[Given entries]:
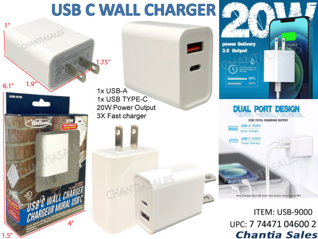 USB - C WALL CHARGER 20W (USB C-PORT & USB A) 3X FASTER CHARGER #USB-9000
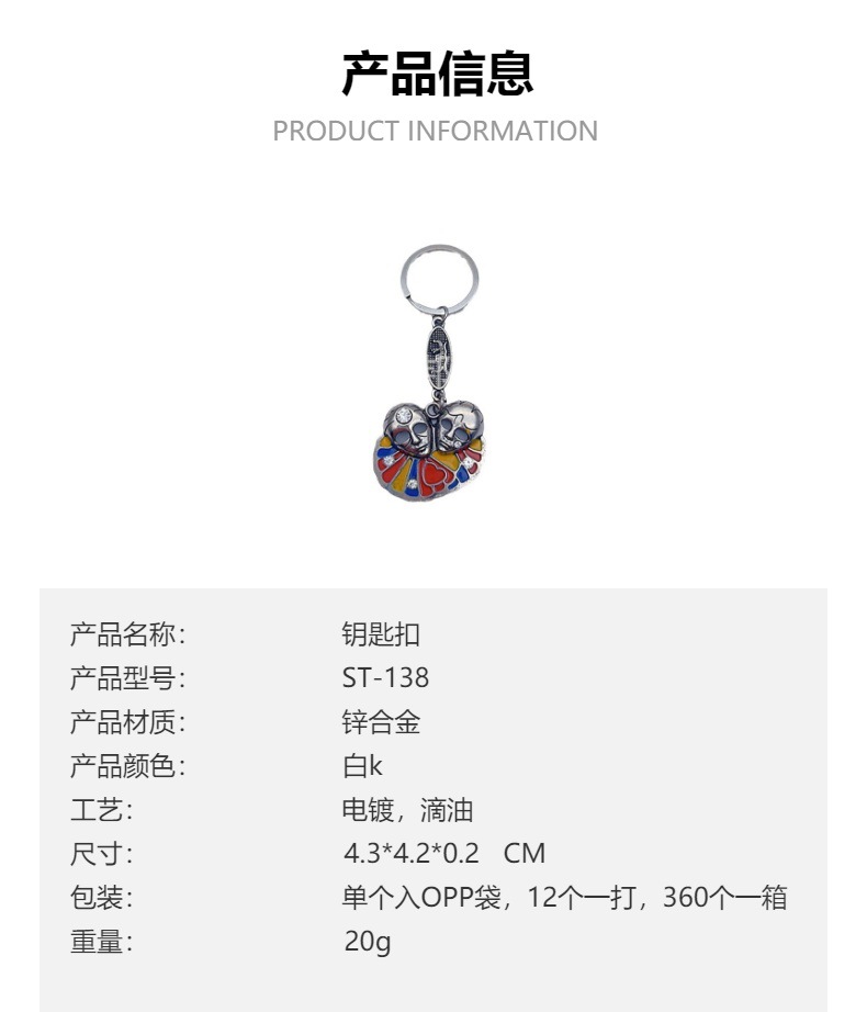 材质: 合金 货号: ST-138 是否进口: 否 合金种类: 锌合金 工艺: 电镀 加工定制: 是 品牌: 建邦 产品编号: ST-138 类别: 钥匙扣 摆挂形式: 挂饰 重量: 0.5 kg/个
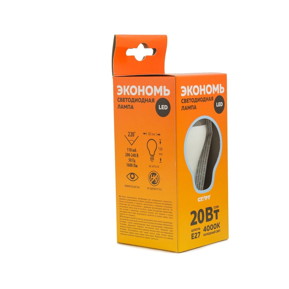 Лампа светодиодная Старт LED, серия "ЭКО" 20W40, тип А "груша", Е27, 4000К, холодный свет. 15000ч
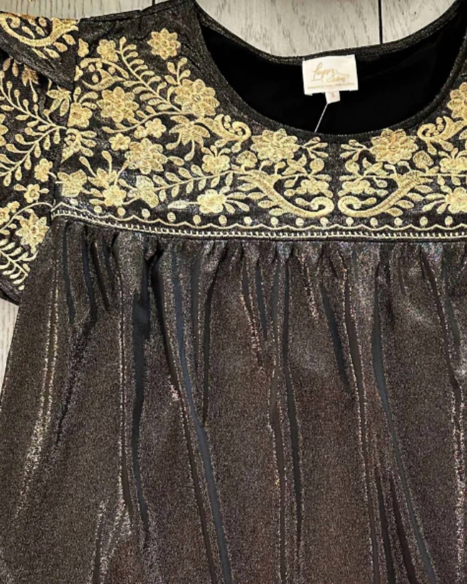 Pair this with your favorite jeans and slides for your next girls night out. Presenting the Rae Embroidered Top by Layerz Clothing, a standout piece for your summer wardrobe in Black Multi. This textured blouse showcases short flutter sleeves and comes in a crewneck style with pull-on closure. Crafted from 93% polyester and 7% spandex, it's perfect for maximalist trends. Care for it by hand washing and line drying.
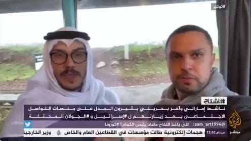 نشطاء إماراتيون وبحرينيون يثيرون موجة من الغضب على منصات التواصل الاجتماعي بعد زيارتهم #إسرائيل و #الجولان المحتلة.. ماذا قالوا؟#التطبيع_الإماراتي_البحريني_الإسرائيلي pic.twitter.com/5h4KLKCb1o
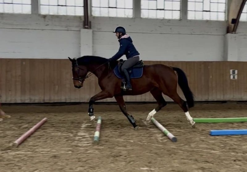 Mare, 4 years old, 16.1 hh, with excellent pedigree: Q'Chacco Blue van Essene / Chacco Blue × Casco / Narcos Il A stunning, eye-catching mare that has everything a young sport horse at the highest level should possess. She is strong, dynamic, and precise over fences. She craves human interaction, is eager to cooperate, rideable, and easy to handle, yet she also has a spark (thanks to her grandsire Chacco). Under the saddle, she is delicate to aids, comfortable, and a pleasure to ride. She moves beautifully and looks even better. Healthy, with recent TUV examinations.
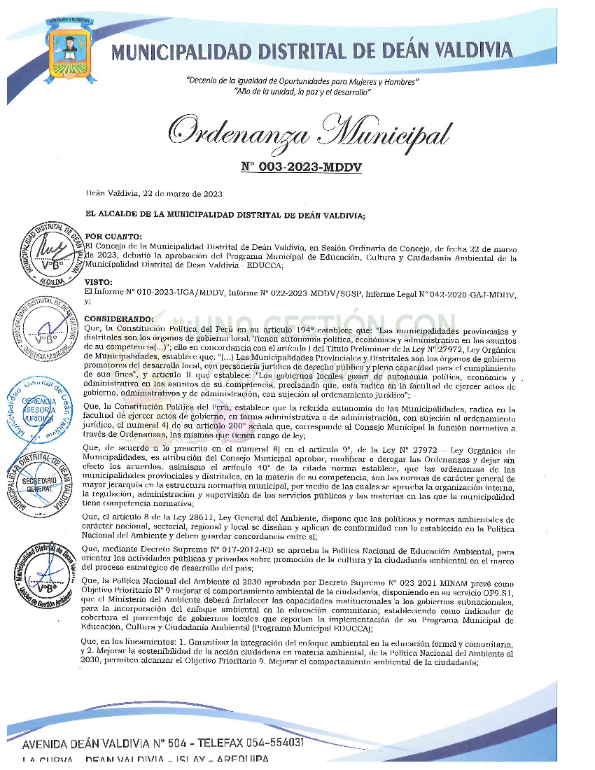 La presente Ordenanza aprueba el Programa Municipal de Educación, Cultura y Ciudadanía Ambiental de la Municipalidad Distrital de Deán Valdivia - Islay (Arequipa), con la finalidad de promover la cultura y la educación ambiental para la formación de ciudadanas y ciudadanos ambientalmente responsables e incentivar la participación ciudadana en todos sus niveles.

[Problem to solve]:
Everything in the listing should be copied exactly, apart from the images it holds.

[Response]:
 USB - C WALL CHARGER 20W (USB C-PORT & USB A) 3X FASTER CHARGER #USB-9000
 材质: 合金 货号: ST-138 是否进口: 否 合金种类: 锌合金 工艺: 电镀 加工定制: 是 品牌: 建邦 产品编号: ST-138 类别: 钥匙扣 摆挂形式: 挂饰 重量: 0.5 kg/个
 Лампа светодиодная Старт LED, серия "ЭКО" 20W40, тип А "груша", Е27, 4000К, холодный свет. 15000ч
 Pair this with your favorite jeans and slides for your next girls night out. Presenting the Rae Embroidered Top by Layerz Clothing, a standout piece for your summer wardrobe in Black Multi. This textured blouse showcases short flutter sleeves and comes in a crewneck style with pull-on closure. Crafted from 93% polyester and 7% spandex, it's perfect for maximalist trends. Care for it by hand washing and line drying.
 نشطاء إماراتيون وبحرينيون يثيرون موجة من الغضب على منصات التواصل الاجتماعي بعد زيارتهم #إسرائيل و #الجولان المحتلة.. ماذا قالوا؟#التطبيع_الإماراتي_البحريني_الإسرائيلي pic.twitter.com/5h4KLKCb1o
 Mare, 4 years old, 16.1 hh, with excellent pedigree: Q'Chacco Blue van Essene / Chacco Blue × Casco / Narcos Il A stunning, eye-catching mare that has everything a young sport horse at the highest level should possess. She is strong, dynamic, and precise over fences. She craves human interaction, is eager to cooperate, rideable, and easy to handle, yet she also has a spark (thanks to her grandsire Chacco). Under the saddle, she is delicate to aids, comfortable, and a pleasure to ride. She moves beautifully and looks even better. Healthy, with recent TUV examinations.
 La presente Ordenanza aprueba el Programa Municipal de Educación, Cultura y Ciudadanía Ambiental de la Municipalidad Distrital de Deán Valdivia - Islay (Arequipa), con la finalidad de promover la cultura y la educación ambiental para la formación de ciudadanas y ciudadanos ambientalmente responsables e incentivar la participación ciudadana en todos sus niveles.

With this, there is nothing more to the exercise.